Security Management

  • 1.  Public IP'S through the Piplink to Juniper SSG550m

    Posted 11-06-2017 01:08

    Hello guys. 

     

    So straight to the point, if you someone can help us with small problem we have. It seems we can’t figure it out.
    Few week ago we bought juniper ssg550m , we connected it works perfectly with trust/untrust etc policies and so on.

     

    this is the diagram we have, that’s how it’s build from our ex system/network administrator “who haven’t actually explain anything and had to figure it out”

    So we are under “NAT” piplink “dhcp” is disabled…Cisco cares of that.

    We have five public ip’s connected to 580 and lan port which goes to the server rack, Now we are trying to somehow transfer five few of the public ip’s open to “outside” world but alas no success at all. We have tried the ‘VIP’ ‘MIP’ etc. but nothing.
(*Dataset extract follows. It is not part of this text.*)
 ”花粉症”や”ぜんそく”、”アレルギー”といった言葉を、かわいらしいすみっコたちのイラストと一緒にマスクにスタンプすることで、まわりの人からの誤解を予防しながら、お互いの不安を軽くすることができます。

    Is there any way how to transfer public ips from piplink balancer to juniper ssg550m and open them to the pubic, does it have to be done from the Piplink or from the Juniper…

     

     

    Probably the procedure have to be done through the Juniper ssg550m, previous firewall we had "untangle" wasn't blocking the public ip's or ports which were open on Piplink. 

     

    Best Regards.



  • 2.  RE: Public IP'S through the Piplink to Juniper SSG550m

    Posted 11-06-2017 01:59

    Actually from public ip , the only port that it's open by default it's "21" everything else just refuse to be opened.
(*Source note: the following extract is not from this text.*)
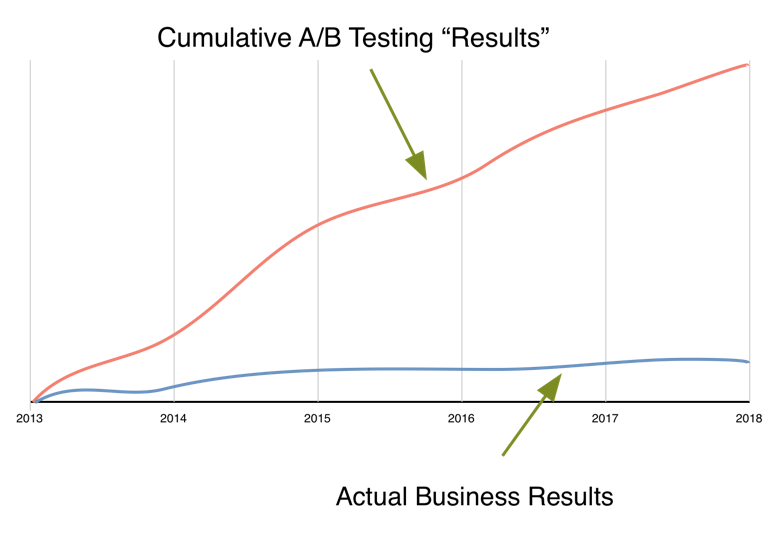 It is not uncommon for marketers to string together a series of “winning” experiments (positive, statistically significant change reported by the testing tool) and yet see no long-term impact to the overall conversion rate. This can happen through testing errors or by simply changing business and traffic conditions.

  • 3.  RE: Public IP'S through the Piplink to Juniper SSG550m
    Best Answer

    Posted 11-06-2017 03:21

    I've never worked with a piplink loadbalancer and I assume you have that part understood so are asking about how to do port forwarding and destinination nat on the SSG firewall.  

     

    It does sound like you have identified the right options.

     

    MIP is for one-to-one mapping of the external to the internal ip address.  You use this if the public address is dedicated to a single server AND is also used by that server for ALL of it's outbound traffic.  You then need to use this MIP in a security policy to permit the traffic.

     

    https://kb.juniper.net/InfoCenter/index?page=content&id=KB10923

     

    VIP is for port forwarding an external ip address with the possibility of hitting multiple internal addresses using different ports on the same public ip address.  This is inbound traffic only but the response traffic will use the same rule for the reverse.  But not other traffic from the host.  You then need to use this VIP object in a policy to permit the traffic.

     

    https://kb.juniper.net/InfoCenter/index?page=content&id=KB4740

     

     

    Destination NAT is a second option for port forwarding that can be configured inside a security policy so with one pass you can do both the port forwarding and the security policy.